Rage against the APIs

Often times new engineers start off by learning how to use APIs. (Closed-source http interfaces to make phone calls, view weather data, deploy slack bots, etc.)

This is sometimes really great! You can get started coding quickly and produce something pretty impressive in very little time. Sometimes, though, developers will start valuing their engineering skill by the number of APIs they’ve mastered. This makes total sense for things like hackathons or even some interview take-home assignments, but it’s missing one of the most important parts of engineering.

Reading code!

An API generally has a specification, is fairly well documented, usually bug-free, and has absolutely no way of reading the code behind an http wall.
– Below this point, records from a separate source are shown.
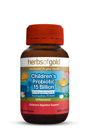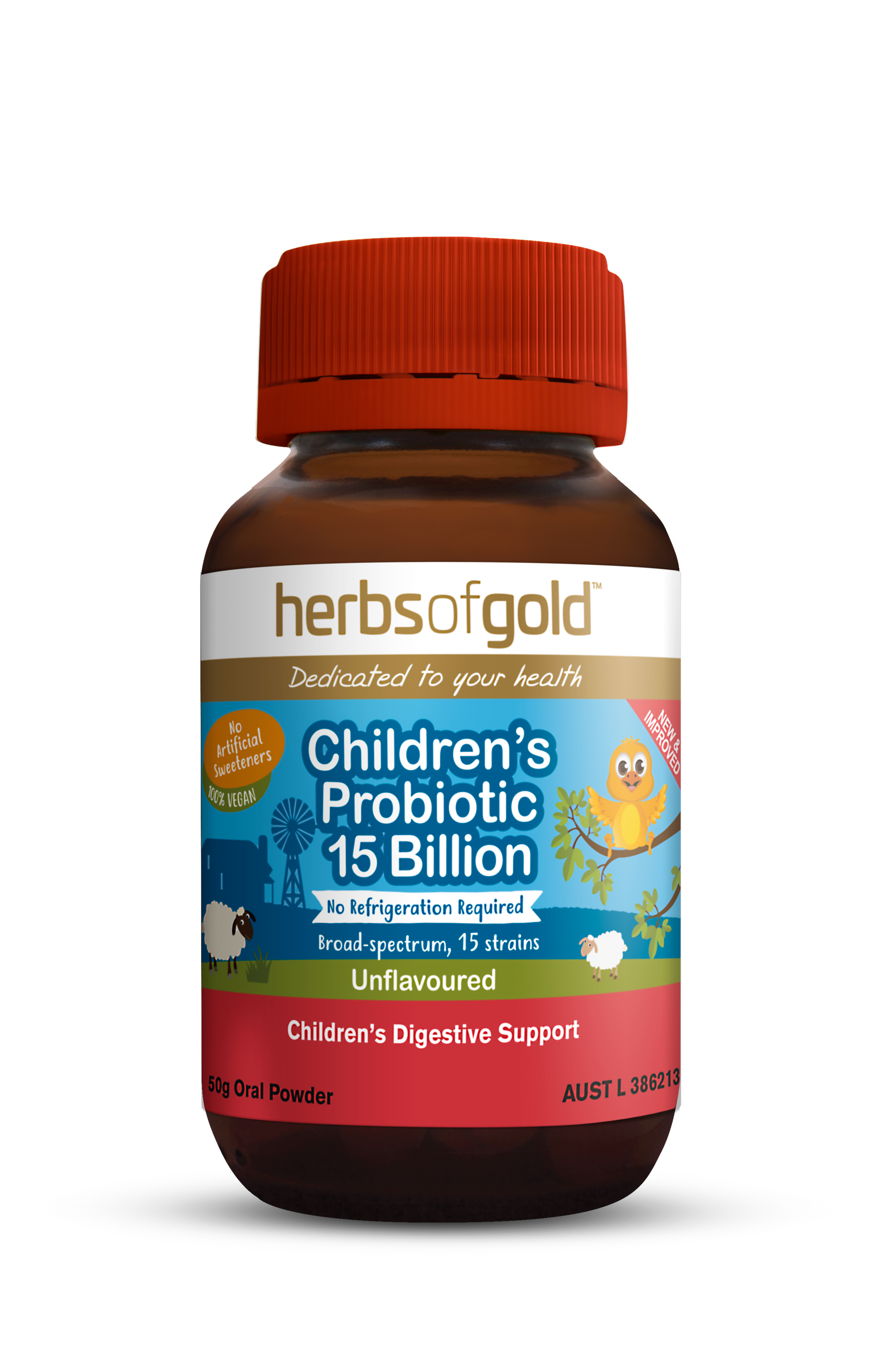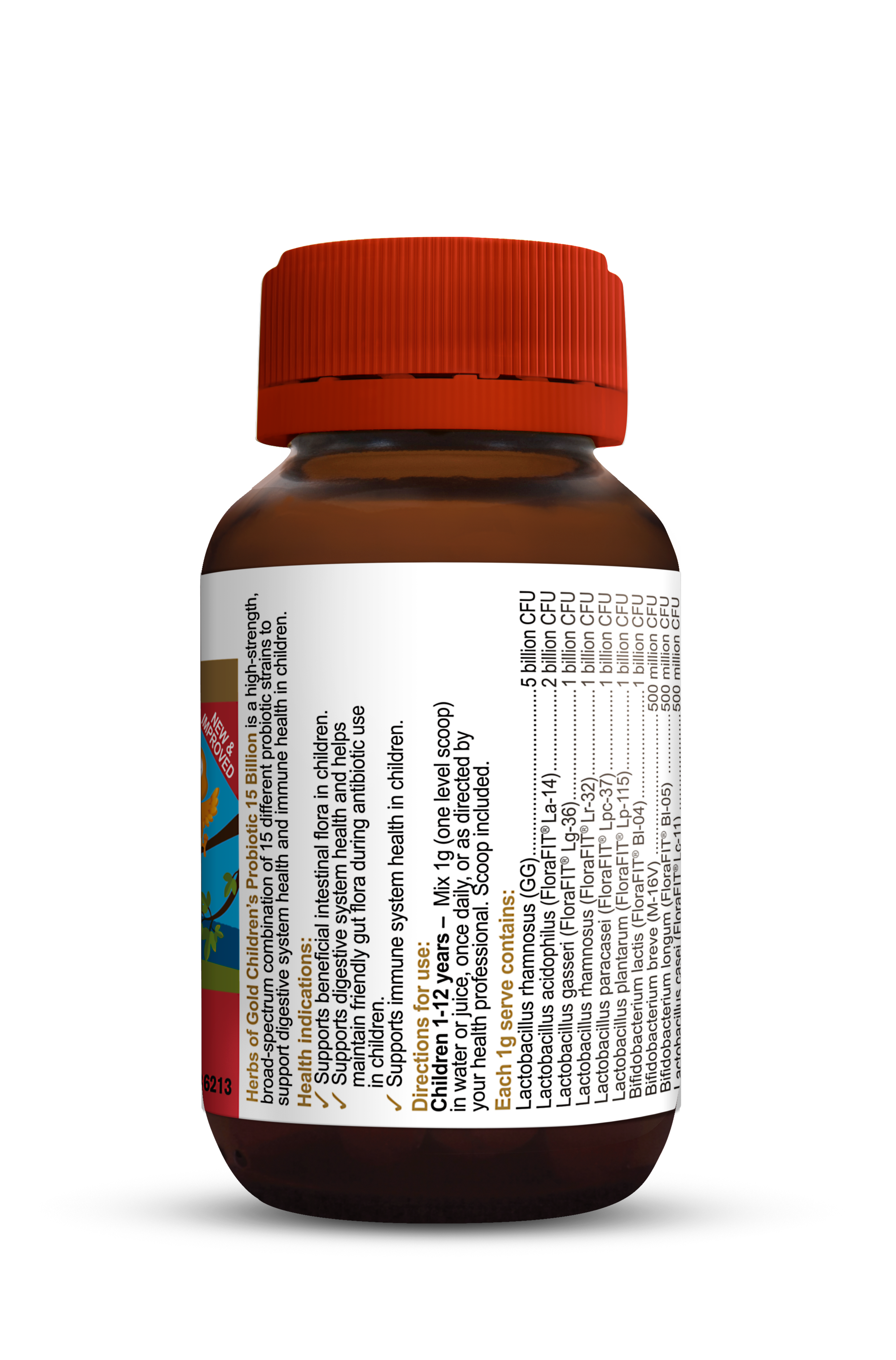 Herbs of Gold Children’s Probiotic 15 Billion is a high-strength, multi-strain unflavoured powder formulated to support beneficial flora and digest
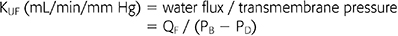 where QF is the ultrafiltration rate in mL/min, and PB − PD refers to the TMP gradient between the blood and the dialysis compartments. KUF is measured in vitro by the ultrafiltration of bovine blood at different TMPs (16). KUF is naturally dependent on membrane permeability to water, and thus, pore size is the major determinant of membrane flux; a membrane with larger pore sizes has the advantage of higher rates of water flux and a higher ultrafiltration capacity as well as a better removal of HMW solutes than membranes with smaller pore size.
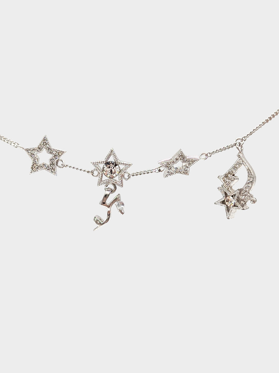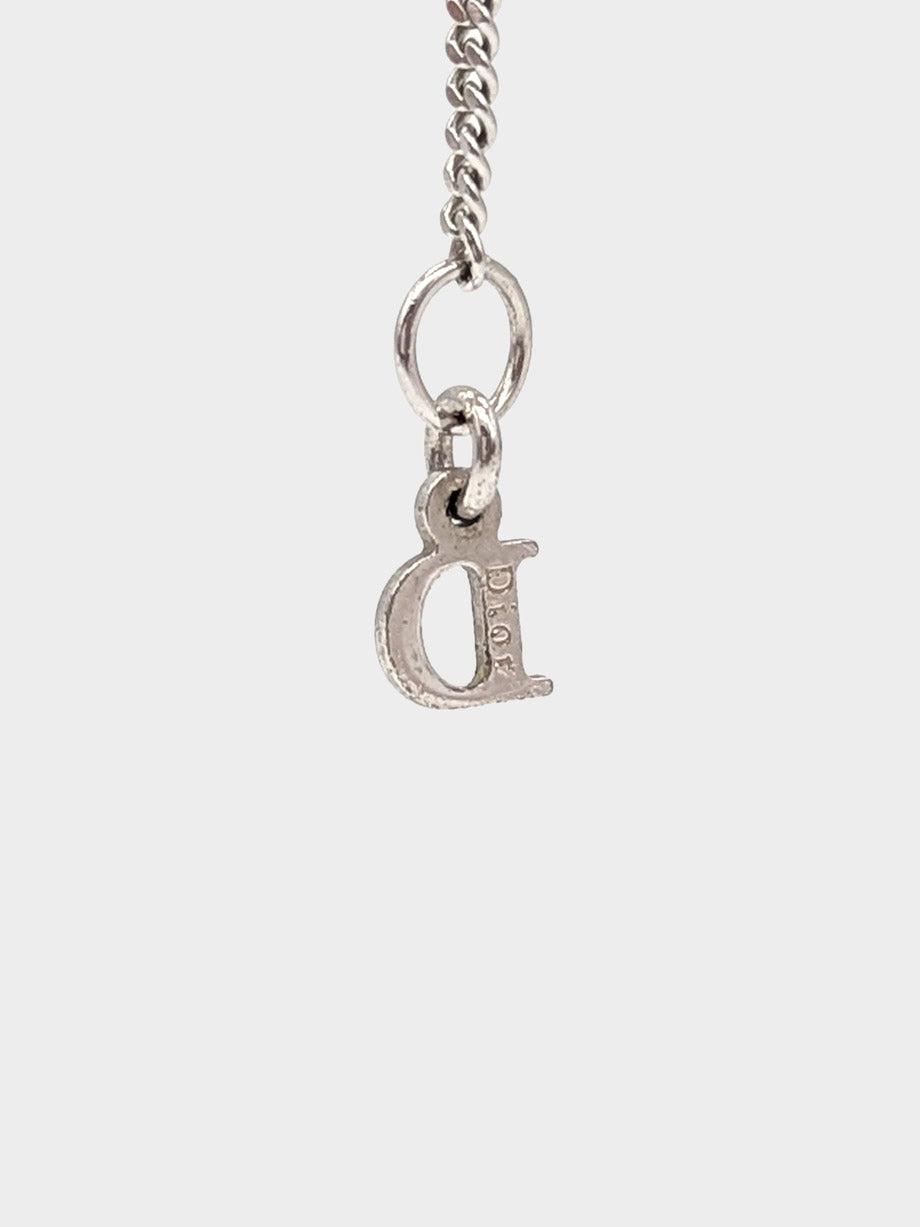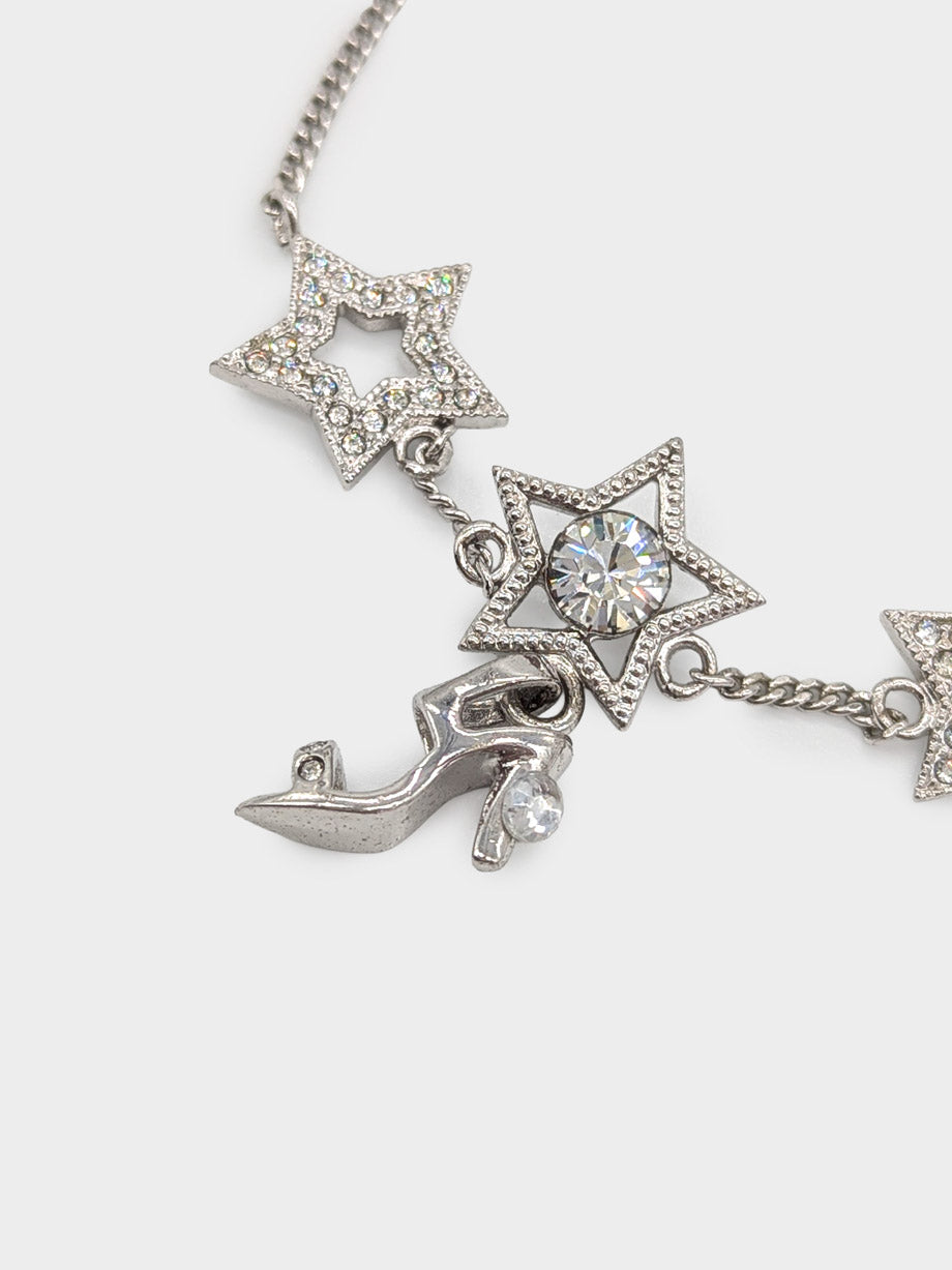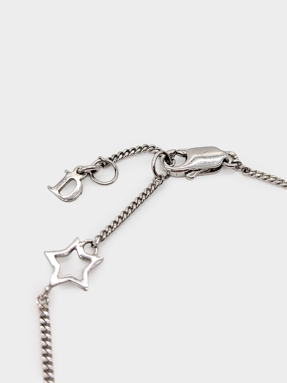 This Dior bracelet in gleaming silver-tone metal features whimsical crystal star and pump charms, capturing a sense of playful elegance. Designed for versatility, it can be worn as a subtle, understated accent on the wrist or layered with other bracelets for a more expressive, statement-making look.

Does that sound like any production code you’ve interacted with? Probably not! You learn to code by reasoning and understanding large problems, not by interacting with already-specified solutions.

And what happens if you encounter a bug? In any normal development environment, you’d just read the code that was causing the bug. With an API, you throw up your hands in despair.

Again, APIs are a great way to enable developers to use closed-source engineering work. They’re all about sharing and an important tool in your toolbox!

I just think when you’re using one, you’re losing many hard problems, and all the learning that goes with solving them. You’re left with exporting these hard problems to http requests. Actually creating something worthy of an API is where the fun is at and I hope more new developers get to dig into meaty experiences like that.